With the phenomenal growth in physicians practicing in Texas, it is critical that TMB has the resources needed to process new physician applications in a timely manner, as well as keep up with new legislative mandates to protect patients and improve efficiencies for physicians’ practices.
As a key part of the 2003 medical liability reforms, the legislature enhanced the board’s enforcement capabilities and imposed a surcharge on physicians’ licenses to pay for staffing and infrastructure improvements. TMA supported the surcharge then and continues to do so today.
TMB, on average, collects in excess of $70 million each biennium from physicians and others who it licenses. Licensure fees make up more than 50 percent of the revenue. TMB also collects another $31 million from physicians in an occupation tax. The board receives approximately one-third of the total revenue for operations. In fiscal 2014-15, the board’s appropriation was $23.2 million. The remaining funds collected by the board go to the state’s general revenue fund.

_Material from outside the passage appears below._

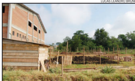
LUCAS LEANDRO BRUNE

O novo Posto de Saúde do Bairro Teutônia terá 193,15 metros quadrados, com estrutura de qualidade semelhante às construídas pelo governo no Loteamento 8 e no Bairro Boa Vista. Haverá rampa de acesso a deficientes, sala de espera, recepção, sanitários, farmácia, sala de enfermagem, consultório de dentista, consultório médico, sala de vacina, sala de observação e toda a estrutura para prestar um bom atendimento à população.

Lawmakers should direct physicians’ licensure fees to the board so it can better accomplish its mission, particularly since the actual number of licensees has exceeded the anticipated number in the budget for the past several sessions.
Oppose federal preemption of state civil justice reforms
For decades, even before Texas passed our landmark medical liability reforms in 2003, organized medicine has pushed the U.S. Congress to enact national liability reforms based on the Texas and California tort models.
TMA supports the enactment of fair federal medical liability reforms because we know the very positive effects of the 2003 Texas reforms.
On the other hand, TMA and other state medical societies have been extremely diligent in ensuring that any national legislation under consideration — including pushes for federal tort reform — doesn’t reverse or supersede strong laws already on the books in state capitals around the country.
- Protect Texas’ existing medical liability reform laws, including caps on noneconomic damages and protections for emergency services.
- Stop efforts to create new causes of actions against physicians and other health care providers who are delivering science-based and clinically appropriate care.
- Maintain the integrity of the Texas Advance Directives Act, free from exposure to medical liability suits. Do not yield to forces that seek to introduce litigious strategies into one of the hardest moments any family or physician faces.
- Require all revenue derived from physicians’ licensure fees be used to fund the fixed and variable costs associated with the Texas Medical Board’s operations.
- Oppose federal preemption of state civil justice reforms.